Red Star Macalline Group Corporation (01528) issues profit warning, expects a net loss attributable to shareholders in 2025 of approximately 15.36 billion to 22.86 billion yuan.
Red Star Macalline (01528) announced that the group is expected to incur a loss of approximately RMB 15.985 billion to RMB 23.837 billion for the fiscal year ending December 31, 2025, compared to a loss of approximately RMB 3.728 billion for the fiscal year ending December 31, 2024. The group continues to incur losses. It is estimated that the net loss attributable to the owners of the parent company for the fiscal year 2025 will be approximately RMB 15.36 billion to RMB 22.86 billion, compared to a net loss attributable to the owners of the parent company of approximately RMB 3.492 billion for the fiscal year 2024. The group continues to incur losses.
Red Star Macalline Group Corporation (01528) announced that the group expects to incur a loss of approximately RMB 15.985 billion to RMB 23.837 billion for the fiscal year ending December 31, 2025, compared to a loss of approximately RMB 3.728 billion for the fiscal year ended December 31, 2024, indicating a continued loss. The group expects a net loss attributable to the owners of the parent company of approximately RMB 15.36 billion to RMB 22.86 billion for the fiscal year 2025, compared to a net loss attributable to the owners of the parent company of approximately RMB 3.492 billion for the fiscal year 2024, also indicating a continued loss.
The expected loss for the fiscal year 2025 is mainly due to fair value changes in investment properties and impairment losses on related assets. Due to the downturn in the real estate industry and the continued impact of the decline in demand in the home furnishing and building materials industry, the demand in the home retail market has weakened. The company has been continuously stabilizing and retaining business by reducing rents and management fees, actively adjusting its strategies and product categories, attracting high-quality formats and brands with favorable commercial terms, offering rent and management fee discounts in the initial expansion stage, resulting in a significant impact on lease and management income, with rental levels significantly decreasing compared to previous years. As market expectations for future rents have changed, the estimated short-term recovery of rental prices will need to be adjusted, leading to a significant decrease in the value of investment properties. The valuation of investment properties in 2025 (including rights of use assets measured at fair value) is expected to decrease by approximately RMB 13.1 billion to RMB 22 billion. In addition, based on the latest recoverable amounts of various assets historically, the company has made a preliminary calculation of the recoverable amounts of various assets as of the end of 2025, resulting in the provision of impairment losses of approximately RMB 4.5 billion to RMB 5.7 billion.

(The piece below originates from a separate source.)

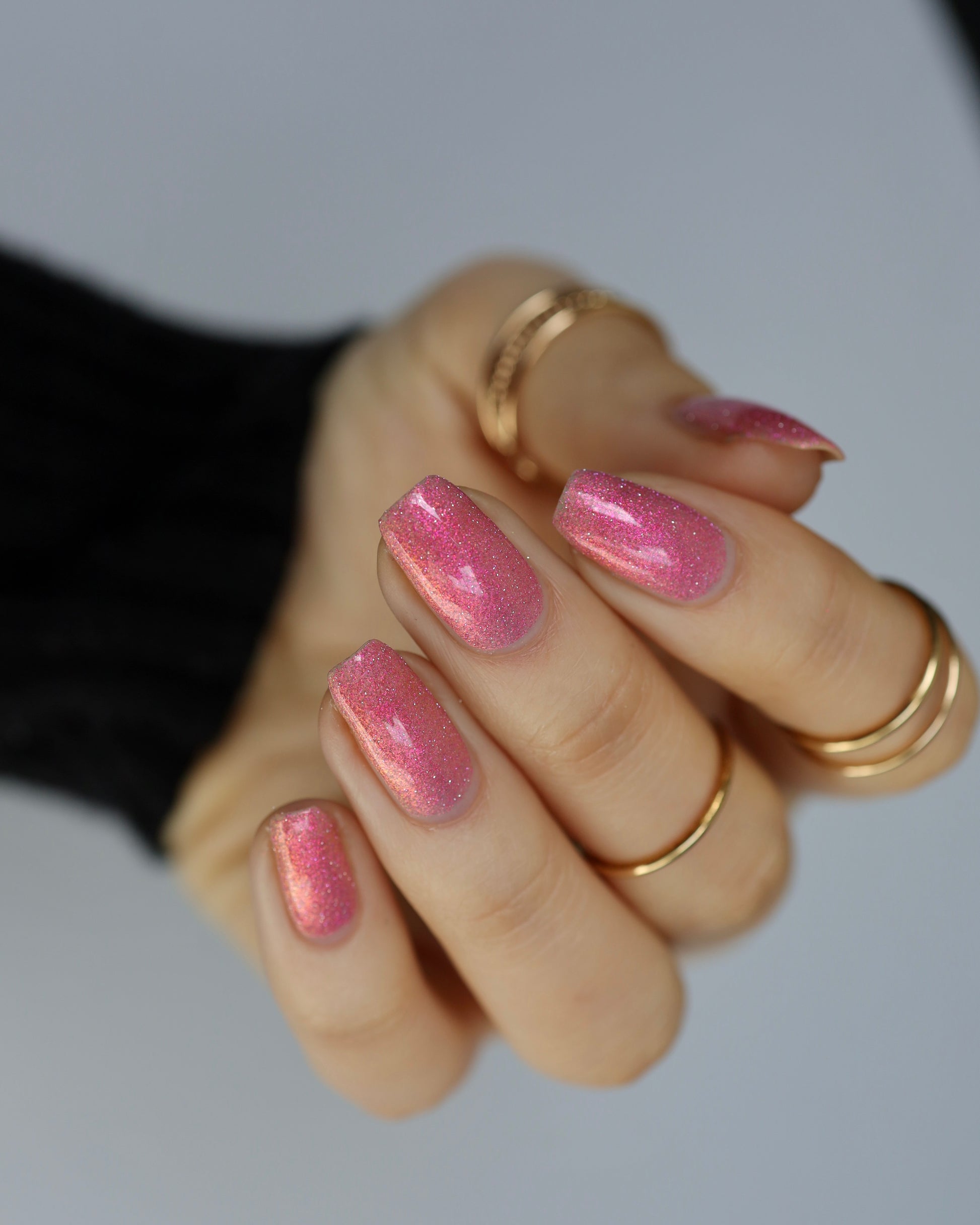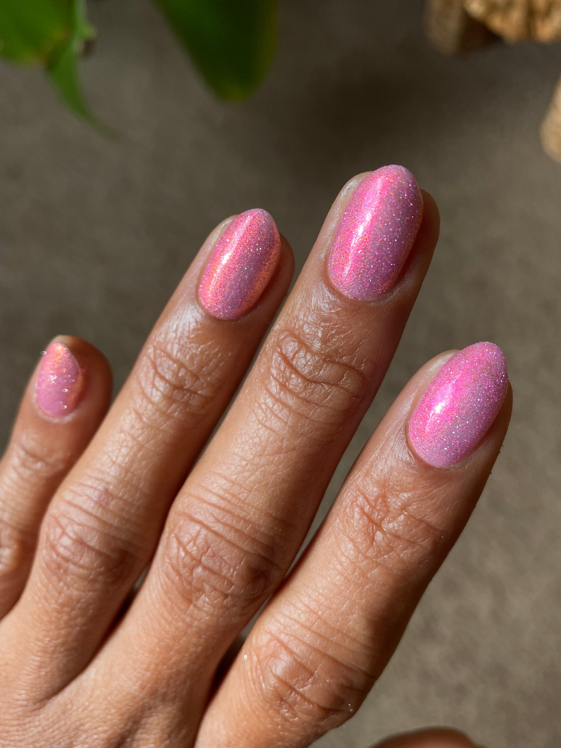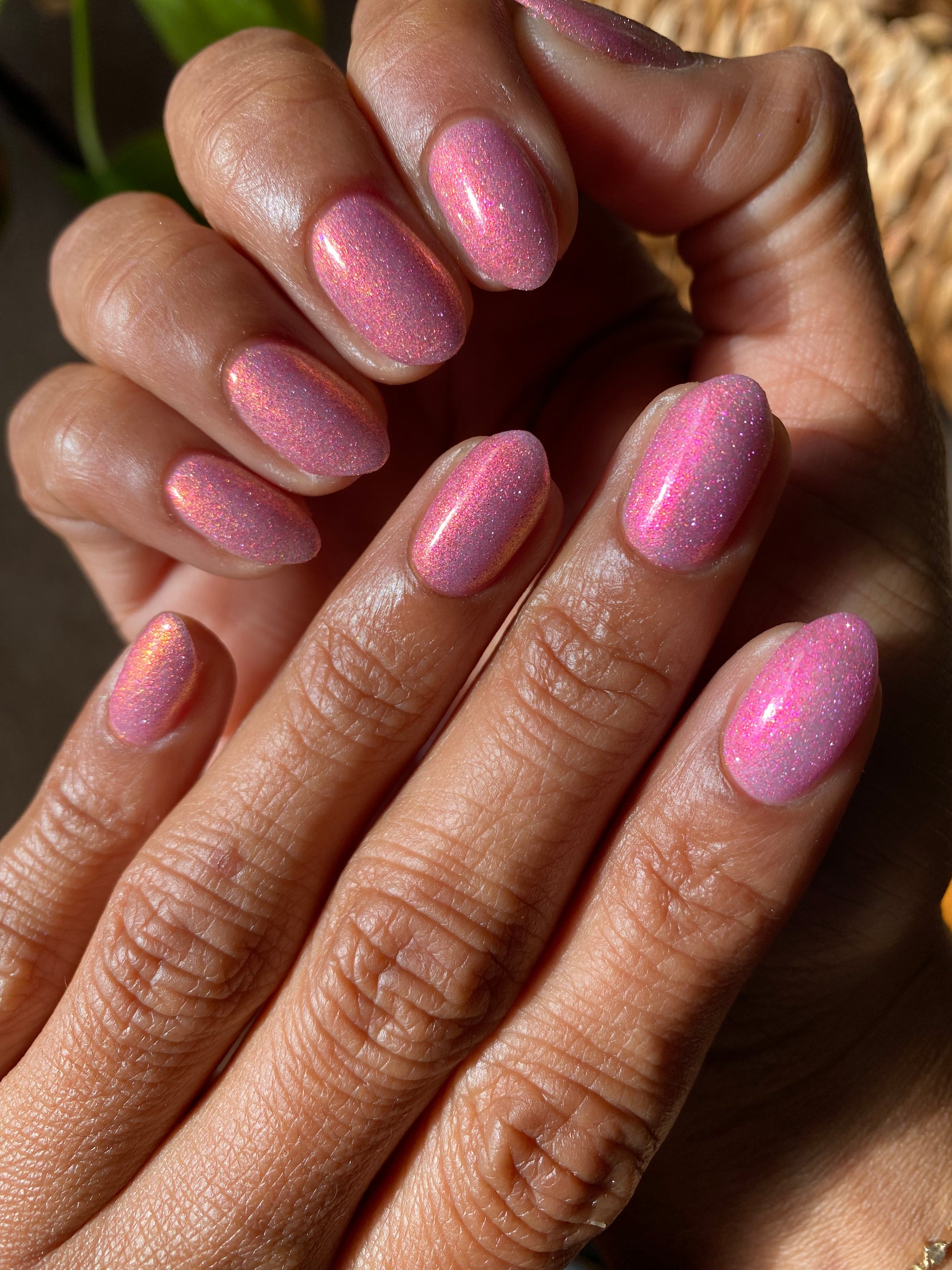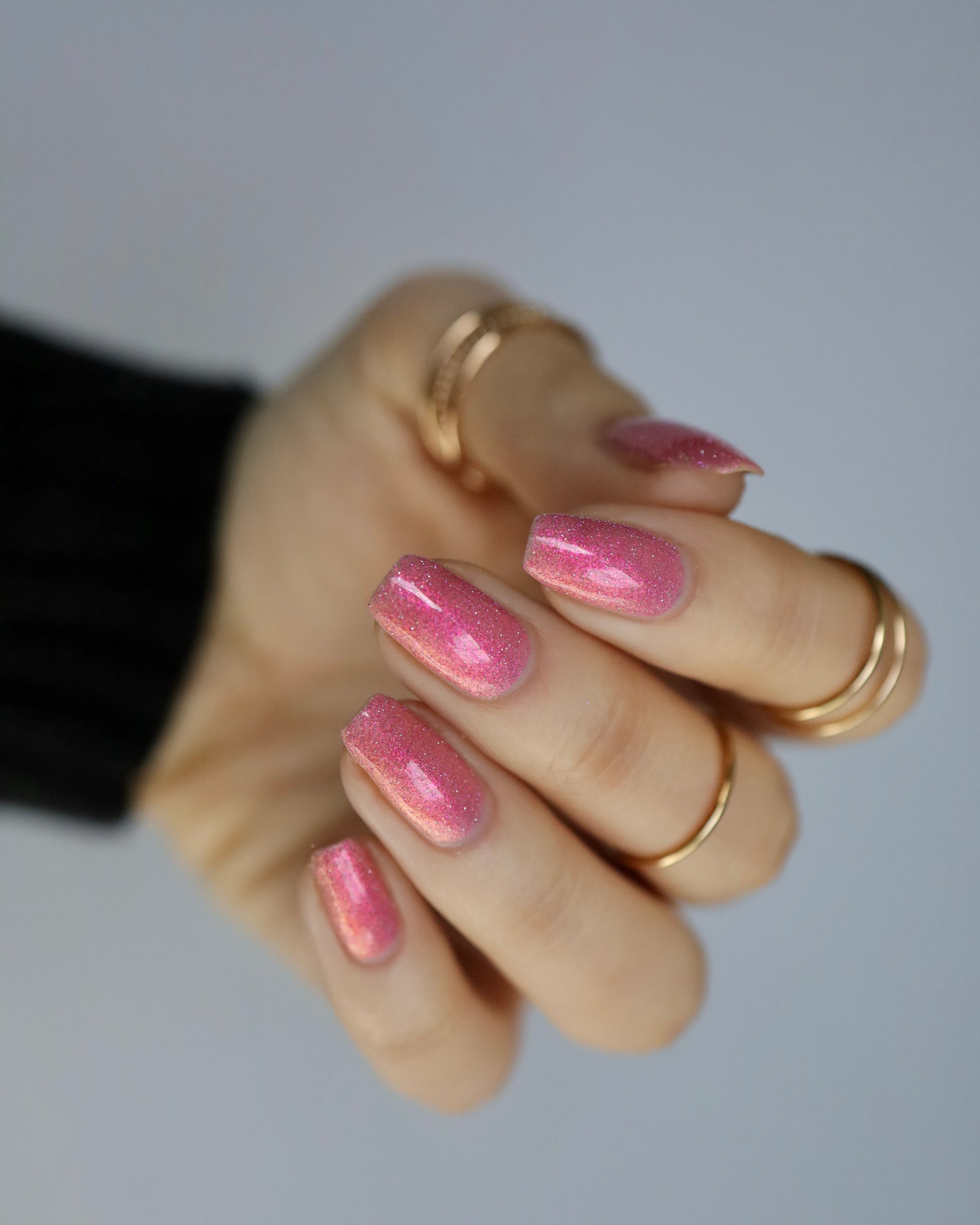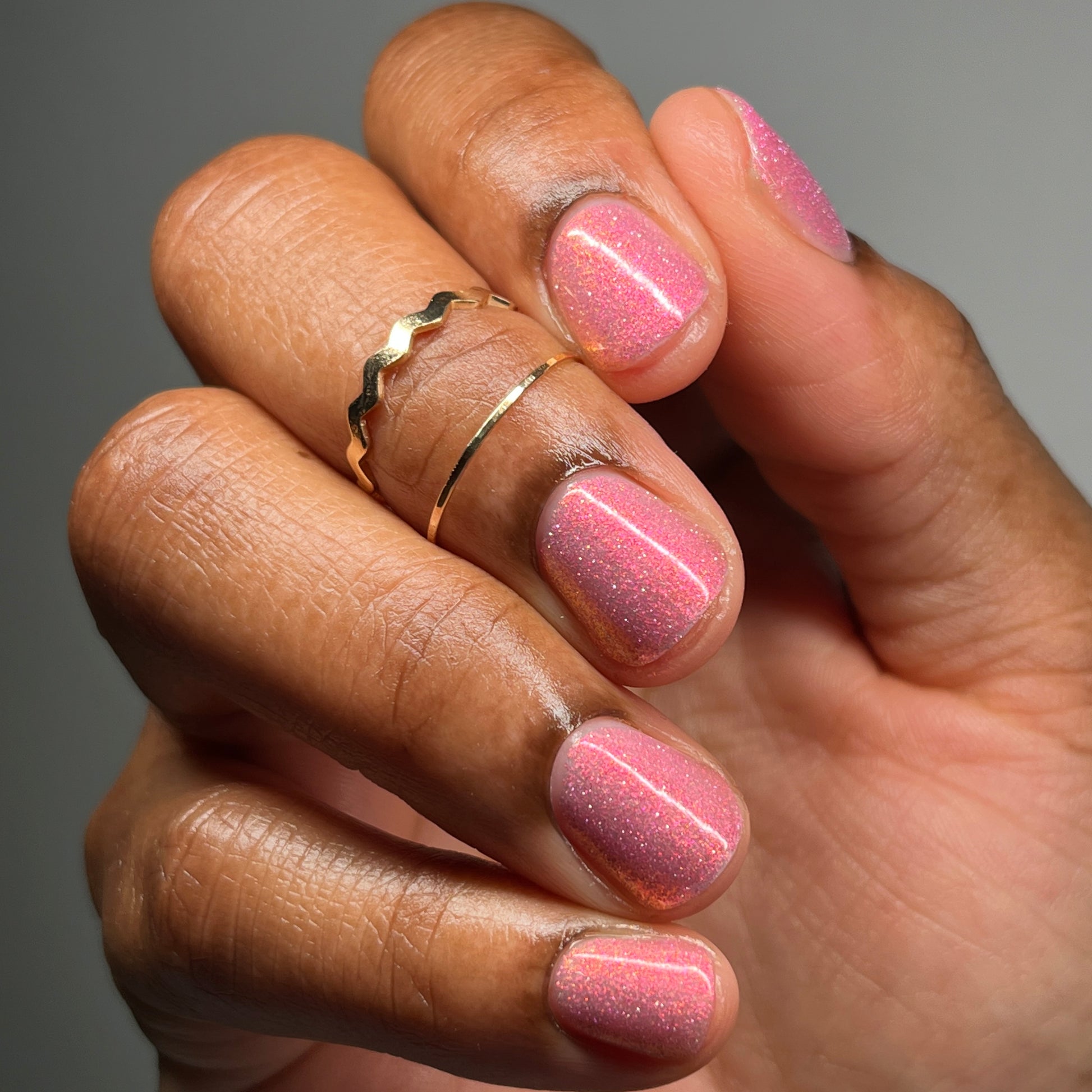 A pink jelly base with vibrant pink to orange to gold shimmer and pink reflective glitter

The decrease in fair value of investment properties and the provision of various impairment losses are aimed at accurately reflecting the impact of various non-operating items caused by changes in the current market environment on the company's financial information. The changes in fair value of investment properties do not affect the company's ability to generate cash flow from the properties it holds, do not affect the overall stability of the company's operations, and do not change the improved rental rates and net operating cash flow of the company. The company will adjust proactively in accordance with the country's "Fifteen Five" plan and the new market environment, upgrading its strategic positioning to "a new operator of home lifestyle commercial operations and a home industry ecological service provider," focusing on upgrading its core home business while expanding its home industry ecological services, creating a second growth curve, and achieving dual growth in scale and value.